## [Instructions to follow]
Word for word, give the data again without its pictures.

==== Available data ====

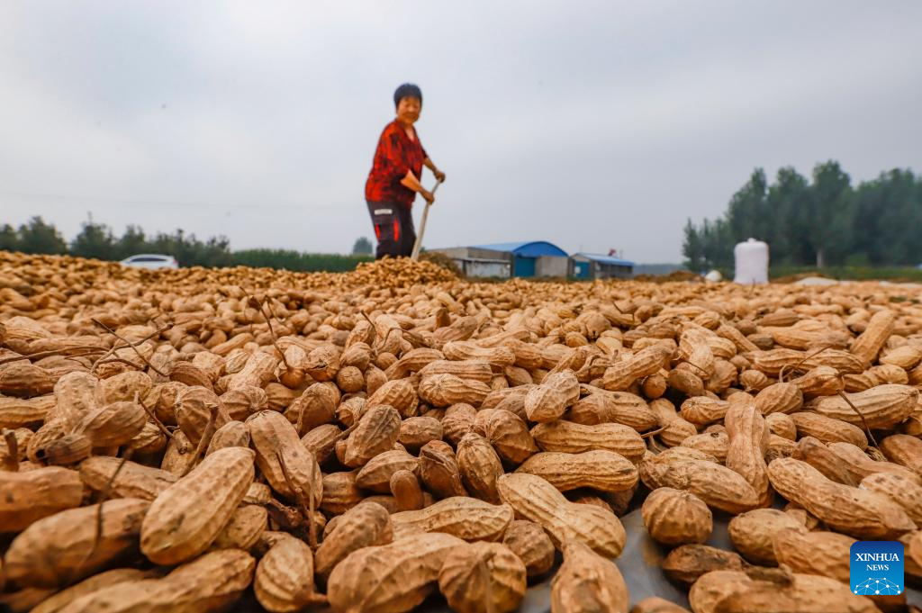 BEIJING, 11 septiembre, 2025 (Xinhua) -- Una aldeana airea maní, en el poblado de Dongxinzhuang de la ciudad de Zunhua, en la provincia de Hebei, en el norte de China, el 11 de septiembre de 2025. (Xinhua/Liu Mingxiang)
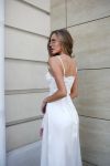 Сукня з ніжного даблшовку з акцентом на декольте - збірка на чашках візуально додає об'єм і підкреслює форму. Ефектний розріз на нозі додає витонченості та легкості. На спині - прихована блискавка та регульована шнурівка з корсетною імітацією для ідеальної посадки по фігурі.
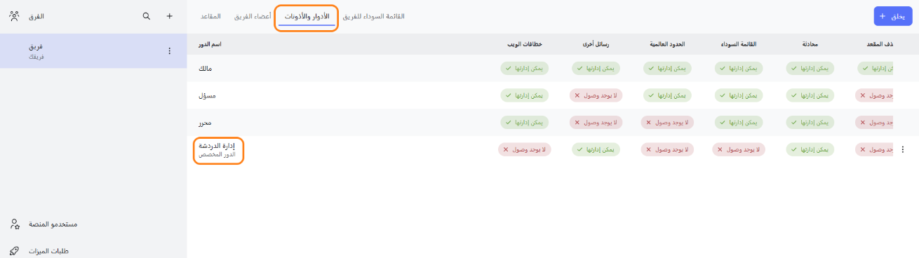 الأدوار المخصصة تتيح لك تخصيص الأذونات لتناسب احتياجات فريقك الفريدة.

====

## [Response box]
 BEIJING, 11 septiembre, 2025 (Xinhua) -- Una aldeana airea maní, en el poblado de Dongxinzhuang de la ciudad de Zunhua, en la provincia de Hebei, en el norte de China, el 11 de septiembre de 2025. (Xinhua/Liu Mingxiang)
 Сукня з ніжного даблшовку з акцентом на декольте - збірка на чашках візуально додає об'єм і підкреслює форму. Ефектний розріз на нозі додає витонченості та легкості. На спині - прихована блискавка та регульована шнурівка з корсетною імітацією для ідеальної посадки по фігурі.
 الأدوار المخصصة تتيح لك تخصيص الأذونات لتناسب احتياجات فريقك الفريدة.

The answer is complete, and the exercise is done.